I remember recently answering a question on Quora regarding a dispute between two people over which of two singers, who had passed away in recent years, was “better.” I said that you can’t begin to discuss which one was better on a reasonable basis until you look at what genres they were in. In this case, I said each singer used a different style. They weren’t trying to communicate the same things. They weren’t using the same techniques. They were in different genres, so there’s little point in comparing them, unless you’re talking about what style of music you like better. By analogy, each programming model has strengths and weaknesses relative to what you’re trying to accomplish, but in order to use them to best effect, you have to consider whether each is even a good fit architecturally for the system you’re trying to build. There may be different FP languages that are a better fit than others, or maybe none of them fit well. Likewise, for the procedural languages that these proponents are probably calling “OOP.” Calling one “better” than another is missing the point. It depends on what you’re trying to do.

Comparisons about programming models in software engineering tend to wind down to familiarity, at some point; which languages can function as a platform that a large pool of developers know how to use, because no one wants to be left holding the bag if developers decide to up and leave. I think this argument misses a larger problem: How do you replace the domain knowledge those developers had? The most valuable part of a developer’s knowledge base is their understanding of the intent of the software design; for example, how the target business for the system operates, and how that intersects with technical decisions that were made in the software they worked on. Usually, that knowledge is all in their heads. It’s hardly documented. It doesn’t matter that you can replace those developers with people with the same programming skills, because sure, they can read the code, but they don’t understand why it was designed the way it was, and without that, it’s going to be difficult for them to do much that’s meaningful with it. That knowledge is either with other people who are still working at the same business, and/or the ones who left, and either way, the new people are going to have to be brought up to speed to be productive, which likely means the people who are still there are going to have to take time away from their critical duties to train the new people. Productivity suffers even if the new people are experts in the required programming skills.

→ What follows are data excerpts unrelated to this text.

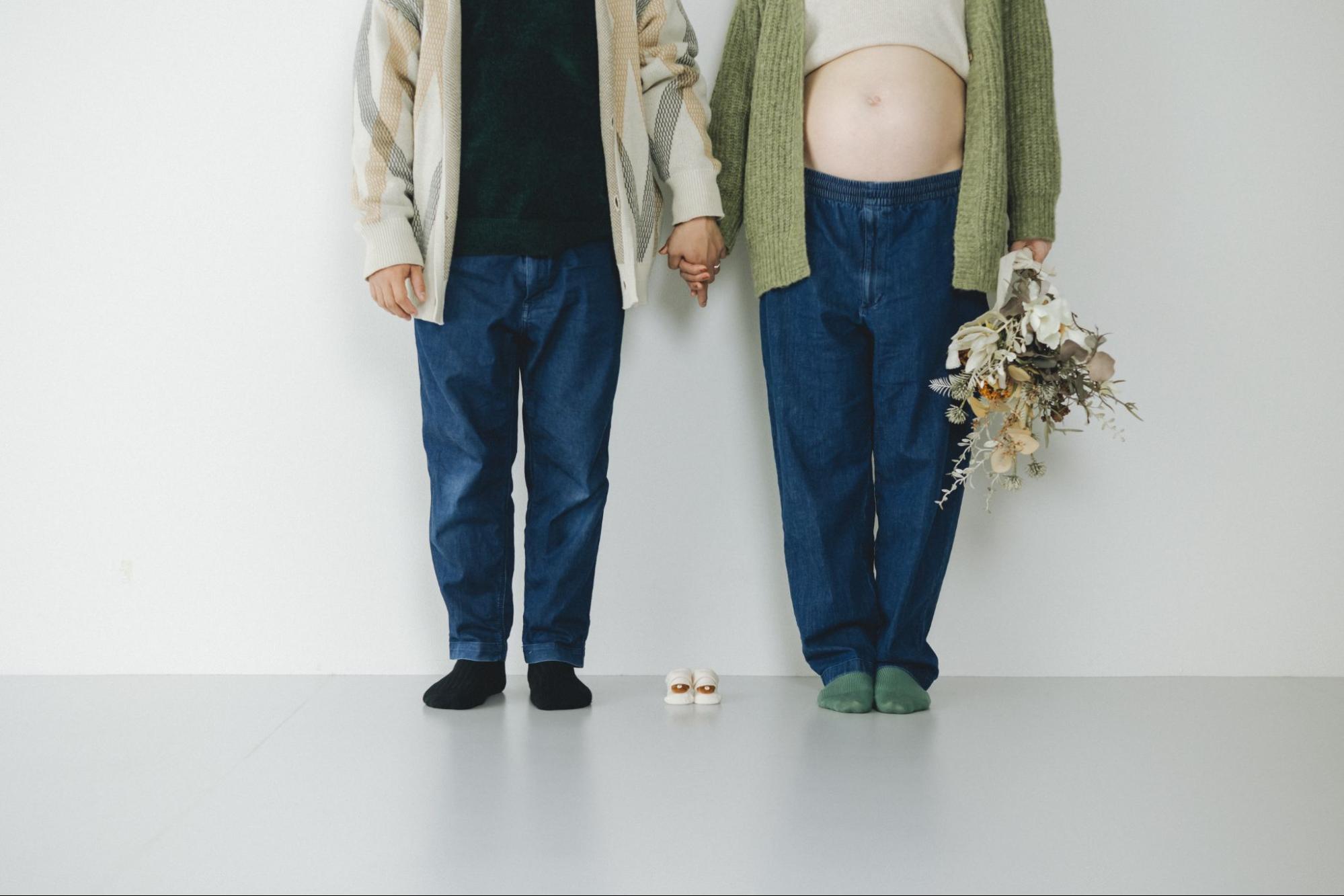 購入済みのベビー服やファーストシューズを一緒に撮影すると、赤ちゃんのサイズ感や愛らしさが引き立ちます。小さな靴を2人の足元に並べたり、ベビー服をハンガーにかけて2人の間に持ったりする構図が人気です。新しい家族の誕生を心待ちにしている親心が伝わる1枚になります。
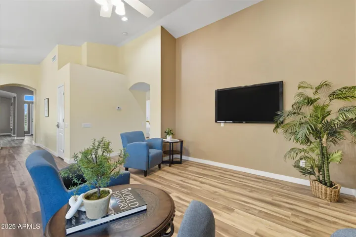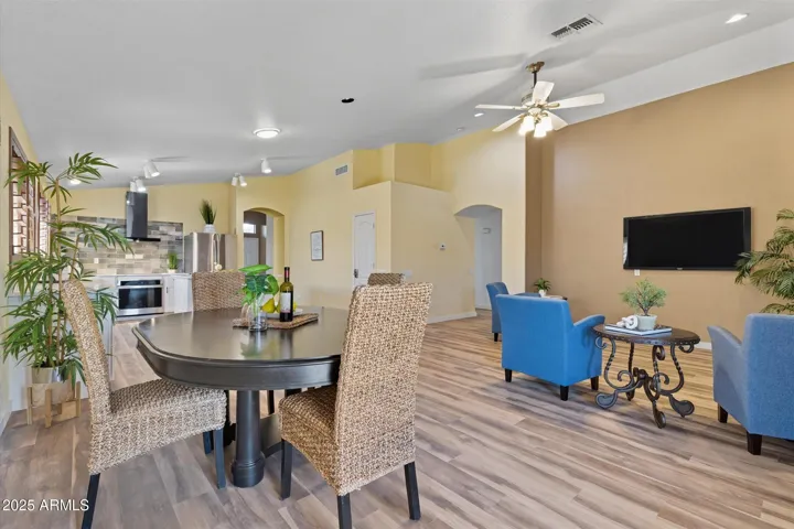 Updated 2,166 sq ft home in the gated community of Peralta Trail. Step inside to find wall-to-wall wood-look tile flooring, vaulted ceilings The updated kitchen is showcasing a large island with abundant storage and drawers, breakfast bar, pantry, granite countertops, stainless steel appliances, plantation shutters.Freshly painted outside. The spacious floorplan features 3 bedrooms, including one with a built-in murphy bed and storage unit that will stay. The primary suite has a garden tub, separate shower, double sink vanity, oversized walk-in closet, and private toilet room. Enjoy the convenience of an extended 2-car garage with built-in cabinets and plenty of room for a pickup truck. The low-maintenance backyard is designed for year-round enjoyment with a covered patio, artificial turf, and a sparkling pool.
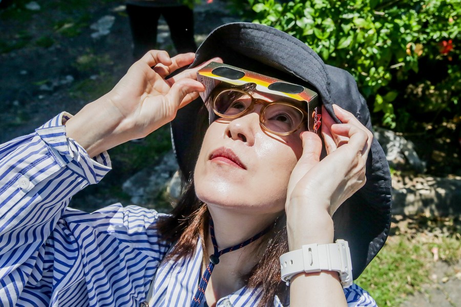 A woman uses a special sunglass to watch a partial solar eclipse at the University of the Philippines in Quezon City, the Philippines on April 20, 2023. (Xinhua/Rouelle Umali)
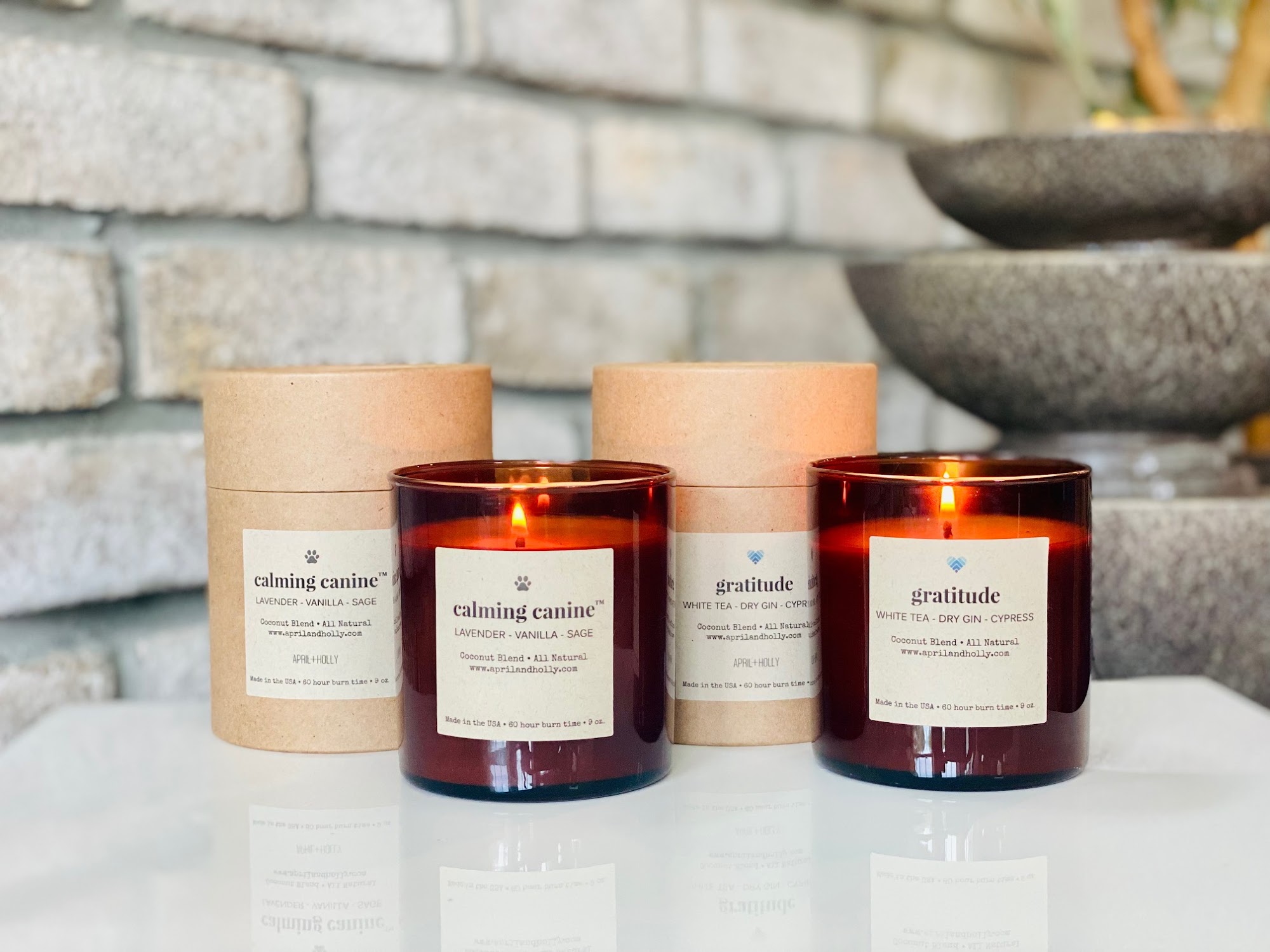 All-natural nontoxic coconut blend, vegan candles. Made in the USA. First in Canine Candles. APRIL + HOLLY is a women owned and operated all-natural small batch candle brand. Our non-toxic candles are made with a coconut oil blend, 100% cotton wicks, and are handcrafted in the USA. You can burn our candles with confidence in knowing you are creating a warm atmosphere and non-toxic environment for your household while also sharing your light with others through our Giveback Promise.

The problem with this approach, from a modern engineering perspective, goes back to the saying that if all someone knows how to use is a hammer, every problem looks like a nail to them. The problem is with the discipline itself; that this mentality dominates the thinking in it. And I must say, computer science has not been helping with this, either. Rather than exploring how to make the process of building a better-fit programming model easier, they’ve been teaching a strict set of programming models for the purpose of employing students in industry. I could go on about other nagging problems that are quite evident in the industry that they are ignoring.

I could be oversimplifying this, but my understanding is modern engineering has much more of a form-follows-function orientation, and it focuses on technological properties. It does not take a pre-engineered product as a given. It looks at its parts. It takes all of the requirements of a project into consideration, and then applies analysis technique and this knowledge of technological properties to finding a solution. It focuses a lot of attention on architecture, trying to make efficient use of materials and labor, to control costs. This focus tends to make the scheduling and budgeting for the project more predictable, since they are basing estimates on known constraints. They also operate on a principle that simpler models (but not too simple) fail less often, and are easier to maintain than overcomplicated ones. They use analysis tools that help them model the constraints of the design, again, using technological properties as the basis, taking cognitive load off of the engineers.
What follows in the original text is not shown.